Second round 0.9X AMpure Fraction:¶

  • Prepare another set of clean PCR tubes identical in number to the PCR tubes in the Magnetic rack.
  • Without sucking up any AMpure beads, transfer 50μl of liquid from each PCR tube in the rack to its corresponding clean PCR tube.
  • Vortex the eppie with the Ampure XP beads to evenly resuspend the beads.
  • Add 45μl of Ampure XP beads to each 50μl PCR tube. This is a 0.9X AMpure beads fraction.
  • Mix each PCR tube well by pipetting up and down at least 15 times.
  • Incubate at room temperature for 5 minutes.
  • Place the PCR tubes in a Magnetic Rack. Wait two minutes for the liquid to become clear.
  • Don't remove the PCR tubes from the Magnetic Rack.
  • Remove 93μl of liquid from each PCR tube, without disturbing the Ampure XP beads.
  • Wash the beads with 80% Ethanol twice:
    • Add 200μl of the freshly prepared 80% Ethanol to each tube.
    • Wait 30 seconds.
    • Remove the liquid from each PCR tube without disturbing the Ampure XP beads.
    • Add 200μl of the freshly prepared 80% Ethanol to each tube.
    • Wait 30 seconds.
    • Remove the liquid from each PCR tube without disturbing the Ampure XP beads.
  • Using a P200, remove the residual liquid from each PCR tube without disturbing the Ampure XP beads.
  • Leave the PCR tubes on the Magnetic rack for 10-15 minutes to allow the remaining Ethanol to evaporate.
  • Remove the PCR tubes from the Magnetic rack.
  • Now add 17μl of Distilled Water to each PCR tube. Using the same tip evenly resuspend all the beads stuck to the side of the PCR tube.
  • Incubate at room temperature for 2 minutes.
  • Place all the PCR tubes back in the Magnetic Rack. Wait two minutes for the liquid to become clear.
  • Prepare clean 1.5ml Eppendorf tubes identical in number to the PCR tubes in the Magnetic rack. Label each tube with the i7(N70X) Oligo used, a short description of the experiment, your name and the date.
  • Without sucking up any Ampure XP beads, transfer 15μl of liquid from each PCR tube in the rack to its corresponding eppie.

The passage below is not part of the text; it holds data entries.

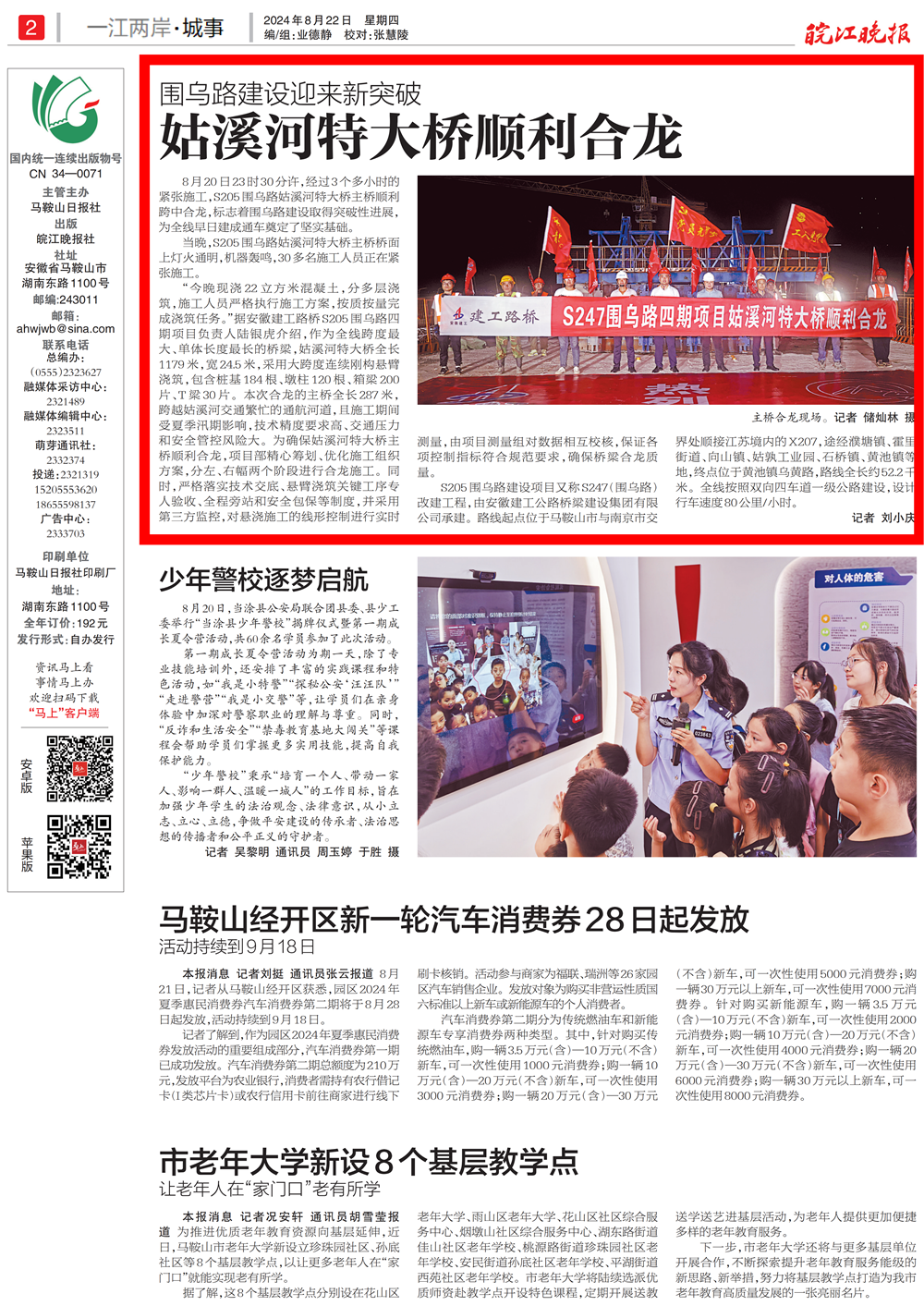 S247(圍烏路)改建工程全長52公里,是馬鞍山市東部區(qū)域重要的南北方向快速通道,也是該市“五橫六縱二聯(lián)”主干公路網(wǎng)中的縱六線。項(xiàng)目建成通車后,將進(jìn)一步加強(qiáng)馬鞍山與各城鎮(zhèn)之間的溝通聯(lián)結(jié),提高綜合運(yùn)輸網(wǎng)的服務(wù)水平,帶動(dòng)大青山等周邊旅游資源的開發(fā),促進(jìn)與南京都市圈及長三角核心區(qū)域人流、物流、資金流、信息流的充分流動(dòng),對(duì)加快推進(jìn)寧馬一體化、等高對(duì)接南京都市圈,推動(dòng)沿線地區(qū)乃至全市經(jīng)濟(jì)高質(zhì)量發(fā)展具有重要意義。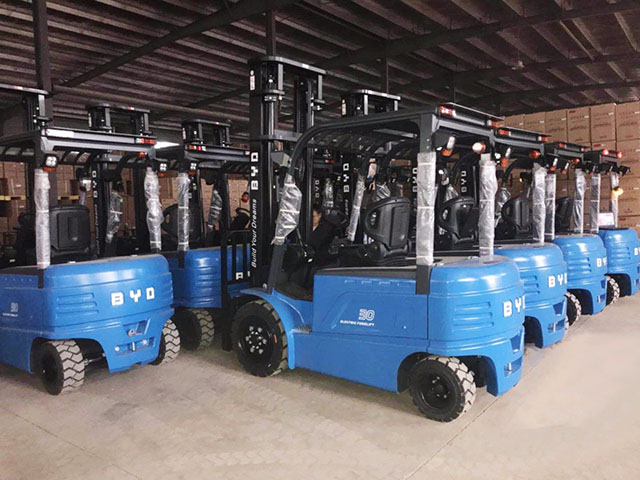 第一,比亞迪叉車(chē)為南昌基地提供近百臺(tái)平衡重式叉車(chē);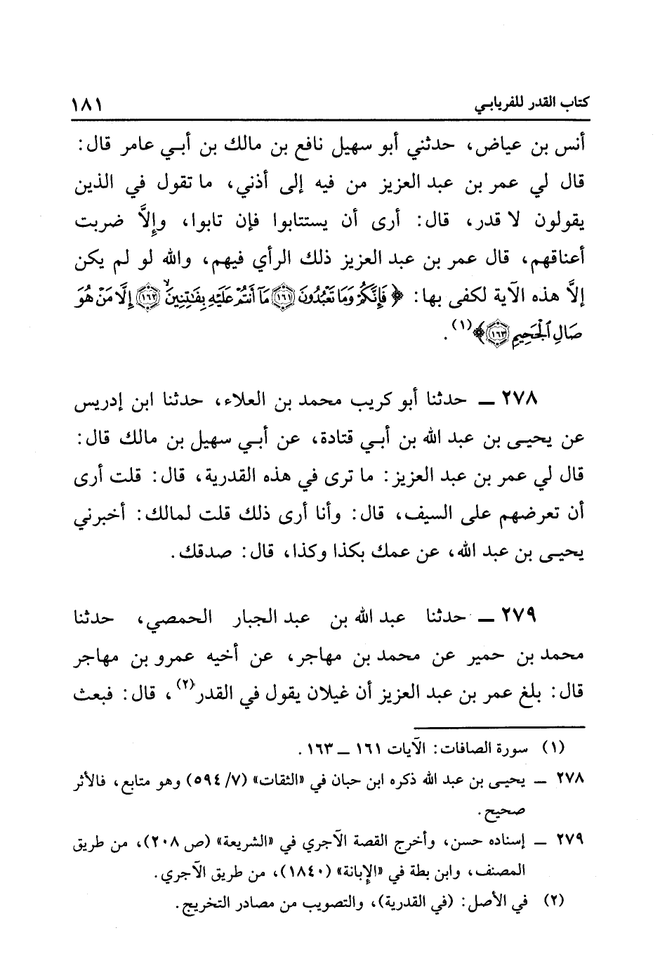 أَنَسُ بْنُ عِيَاضٍ، حَدَّثَنِي أَبُو سُهَيْلٍ نَافِعُ بْنُ مَالِكِ بْنُ أَبِي عَامِرٍ, قَالَ: قَالَ لِي عُمَرُ بْنُ عَبْدِ الْعَزِيزِ, مِنْ فِيهِ إِلَى أُذُنِي: مَا تَقُولُ فِي الَّذِينَ يَقُولُونَ: لَا قَدَرَ؟، قَالَ: أَرَى أَنْ يُسْتَتَابُوا, فَإِنْ تابوا، وإلا ضربت أعناقهم، قال عمر بن عَبْدِ الْعَزِيزِ: ذَلِكَ الرَّأْي فِيهِمْ، وَاللَّهِ لَوْ لَمْ يَكُنْ إِلَّا هَذِهِ الْآيَةَ, لَكَفَى بِهَا: {فَإِنَّكُمْ وَمَا تَعْبُدُونَ مَا أَنْتُمْ عَلَيْهِ بِفَاتِنِينَ إِلَاّ مَنْ هُوَ صَالِي الْجَحِيمِ} ١.

Tagmented Library Concentration with Qubit¶

⚠ IMPORTANT:For all Qubit Tubes only Pipette till the first stop even if there is liquid left in the pipette tip. Don't pipette up and down to mix.

  • Get the Qubit 1X dsDNA HS Working Solution from 4°C.
  • Prepare Qubit Assay tubes identical in number to the eppies.
  • Add 199μl of Qubit 1X dsDNA HS Working Solution to each Qubit Assay tube.
  • Transfer 1μl of purified product from each eppie to its corresponding Qubit Assay Tube.
  • Vortex all the Qubit Assay tubes at full speed for 5 seconds.
  • Go to the Device Home Screen. Select the 1X dsDNA High Sensitivity assay
  • Select 1μl as Sample Volume.
  • Now measure the dsDNA concentration for each tube in ng/μl using the Qubit device.
  • You should expect a concentration between 5ng/μl to 18ng/μl for each sample/split.

This is a STOPPING STEP. You can store your eppies with the libraries at -20°C. I recommend having a decicated Storage box for storing these libraries.